但想到说这话的是沈折枝,又释然了。
反正她也不是第一次对著满朝文武编瞎话了,习惯就好。
眾人习以为常,太后却是第一次听。
脸上的笑意直接消失了。
这是什么烂藉口?!
说出来也不嫌……
“靖北侯言之有理。”
裴玄的声音適时响起。
“大燕以孝治天下,凡事孝道为先,依朕看,此事不如暂且搁下,待孝期满后再议不迟。”
他看向太后,眼底蒙了层薄薄的冷意。
“母后觉得呢?”
语气听著似在询问,实际上,已经是在通知了。
太后的面色极不好看。
她还能觉得什么?
身为太后,她还能逼人不孝吗?
“……陛下说得是。”
萧氏挤出一个勉强到了极点的笑容,重新坐回座位上,端起面前那碗已经凉了的燕窝。
“是哀家考虑不周了,此事日后再议便是。

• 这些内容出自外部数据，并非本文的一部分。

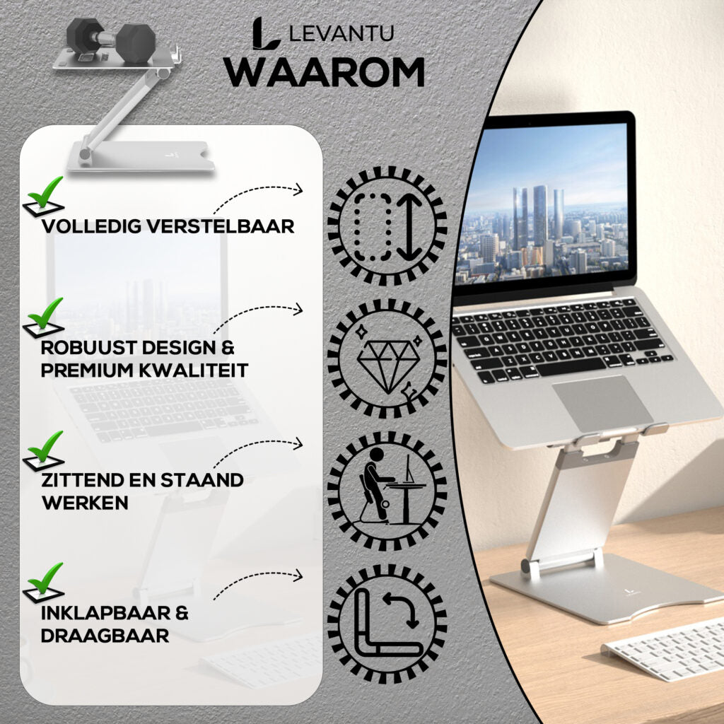 De Levantu Ergonomische laptop verhoger/laptop standaard helpt je aan de juiste rechte zithouding tijdens het gebruik van je laptop of tablet. Door het ergonomische ontwerp staat uw laptop precies op ooghoogte. Dit compacte, opvouwbare, universele laptop standaard zorgt dat u overal (thuis, kantoor of school) kunt werken zonder rug, nek of schouderpijn. Het aluminium van de standaard heeft een actief koelende werking. Geschikt voor alle tablets en laptops tot 17,3 inch.
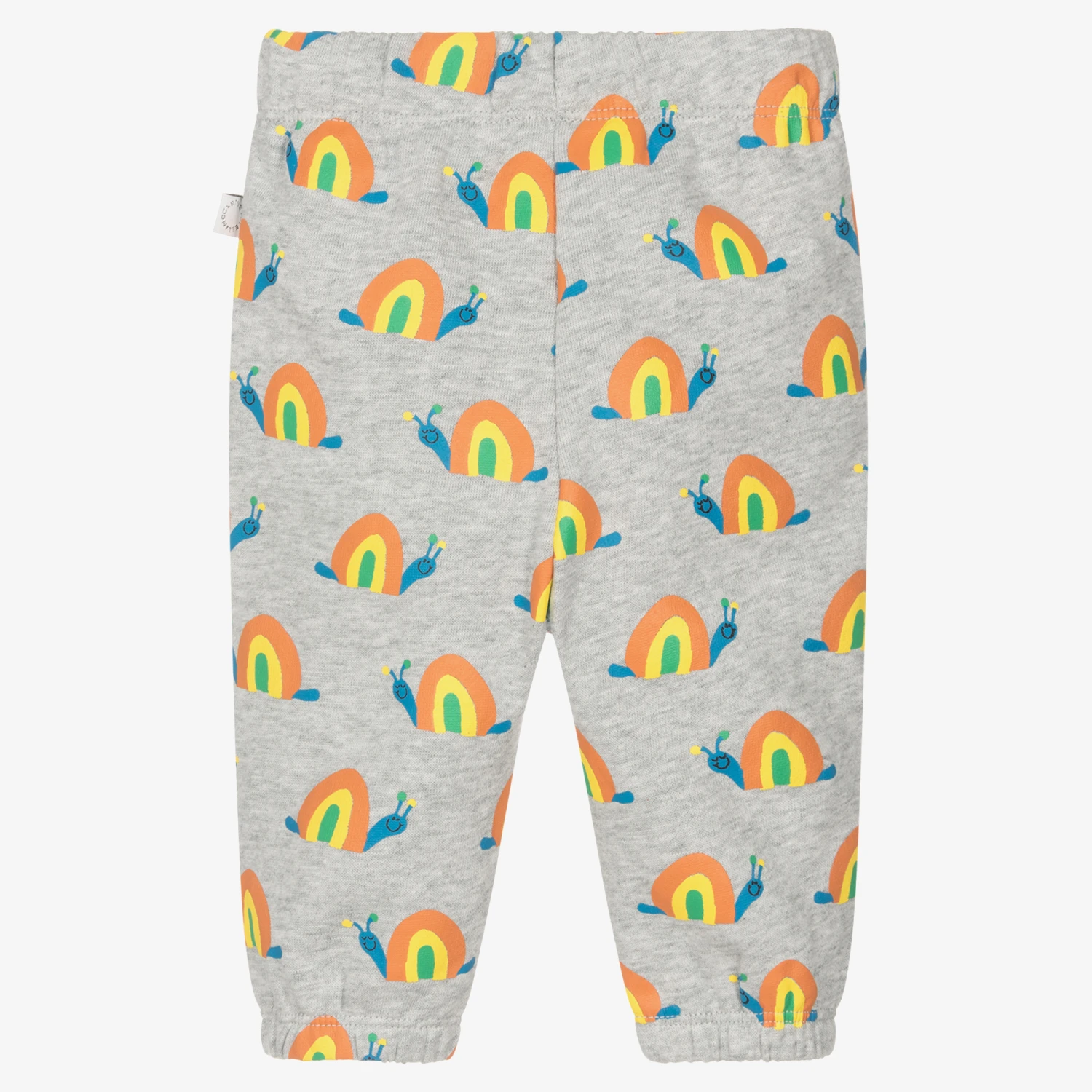 Grey marl cuffed joggers for little boys and girls by Stella McCartney Kids, patterned with a fun, colourful snail design. Ideal for relaxed days, they are made in a soft organic cotton with a fleecy underside. Gentle against little tummies, they have a gently elasticated waistband with a functional, blue drawstring tie for an adjustable fit. They have two front pockets and there is a small branded tab on the side seam for a subtle designer touch. The Stella McCartney fit can be quite small so choose a size up if you want room to grow.

”
一旁的萧宜寧僵在原地,只觉得天旋地转。
她花了一个时辰梳的头,换了十来件衣裳才定下来的那条衣裙,反覆对著铜镜练了数十遍的温婉笑容,精心维持了一整晚的端庄得体……
全白费了。
本以为今日便能飞上枝头,结果刚张开翅膀,就被上面两座大山按了回去。
沈折枝的那番话,更是让她下不来台。
这样一来,人人都会觉得,靖北侯寧可胡编乱造一个守孝三年的誓言,也不愿意娶她过门。
那……她岂不是成了满京城的笑话?!
日后还有什么顏面出门?!
不远处,裴琼华的状態也好不到哪儿去,指甲都快掐烂了。
今晚的事,完全不在她的预判之內。
叔侄俩竟难得站在同一条线上,联手把太后堵了回去。
她精心设想的两败俱伤根本没有发生。
唯一的收穫,也就是让满朝文武都看到了这二人对沈折枝的异常態度。
可那又怎样?
看到了也不敢说,说了也没人敢接。
最让她后背发凉的是……
她以为今日的事万无一失,竟提前拦了沈折枝的袭爵。
这笔帐,怕是要被狠狠记上了。
裴琼华心中一慌,將杯中剩的半口酒仰头饮尽。
酒是好酒,入喉却全是苦味。
……
殿內的气氛很快被新一轮的歌舞拉了回来。
乐声一起,群臣像是找到了台阶,纷纷举杯互敬,当作方才什么都没发生过。
朝堂就是这样,翻脸比翻书快,翻篇比翻脸更快。
沈折枝坐回案前,周围已经有好几位官员端著酒来贺了。
“沈侯大喜!”
“侯爷年少英才,前途不可限量!”
“老侯爷在天之灵,定当欣慰啊!”
沈折枝一一含笑应对,该碰的杯碰了,该说的场面话说了,每个人都被她哄得心满意足地退了回去。
送走最后一波来贺的人,她放下酒盏,吐出一口浊气。
成了。
守孝三年这个藉口虽然烂,但足够她清净很久了。
旁边吕承业探过脑袋:“世子……不对,侯爷,您就那么不想娶萧家那位姑娘?人长得挺好看的啊。”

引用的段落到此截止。